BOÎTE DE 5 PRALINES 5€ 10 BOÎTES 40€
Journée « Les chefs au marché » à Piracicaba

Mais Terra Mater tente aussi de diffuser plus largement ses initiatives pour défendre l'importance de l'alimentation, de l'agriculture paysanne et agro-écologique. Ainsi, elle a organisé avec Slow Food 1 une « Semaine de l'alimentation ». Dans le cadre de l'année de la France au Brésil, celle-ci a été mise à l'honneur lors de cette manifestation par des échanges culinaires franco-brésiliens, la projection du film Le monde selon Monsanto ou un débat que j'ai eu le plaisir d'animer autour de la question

* * *

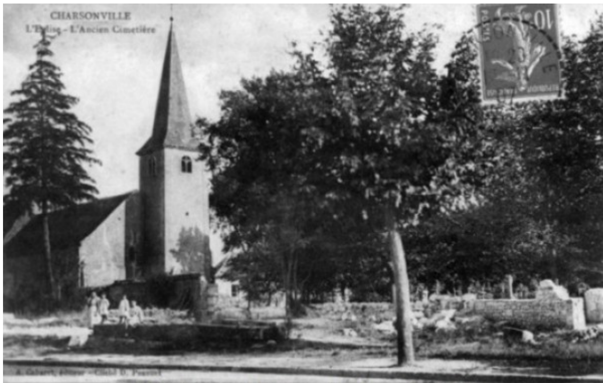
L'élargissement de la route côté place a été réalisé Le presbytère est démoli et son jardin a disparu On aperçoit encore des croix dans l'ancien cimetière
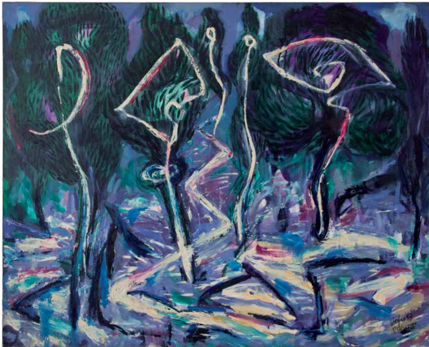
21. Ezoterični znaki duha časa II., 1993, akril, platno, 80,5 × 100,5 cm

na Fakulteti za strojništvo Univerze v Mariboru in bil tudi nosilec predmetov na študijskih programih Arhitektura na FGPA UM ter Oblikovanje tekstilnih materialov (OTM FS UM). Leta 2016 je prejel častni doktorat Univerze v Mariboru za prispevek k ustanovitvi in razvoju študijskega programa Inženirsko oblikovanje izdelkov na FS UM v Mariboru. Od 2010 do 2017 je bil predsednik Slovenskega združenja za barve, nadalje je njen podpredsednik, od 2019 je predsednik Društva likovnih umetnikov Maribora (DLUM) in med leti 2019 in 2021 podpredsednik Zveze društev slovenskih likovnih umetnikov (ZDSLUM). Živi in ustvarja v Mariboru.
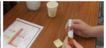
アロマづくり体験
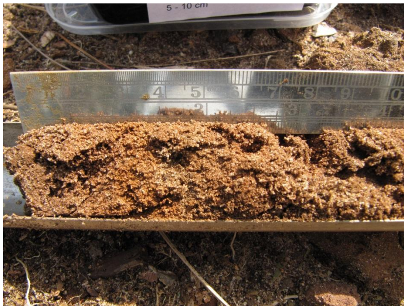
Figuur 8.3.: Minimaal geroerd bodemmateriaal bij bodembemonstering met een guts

Work order: Range to copy from the records above: the line containing "L'élargissement de la" to the line containing "21. Ezoterični znaki", both included. Output those lines exactly and only those, skipping pictures.

Output for this task:
L'élargissement de la route côté place a été réalisé Le presbytère est démoli et son jardin a disparu On aperçoit encore des croix dans l'ancien cimetière
21. Ezoterični znaki duha časa II., 1993, akril, platno, 80,5 × 100,5 cm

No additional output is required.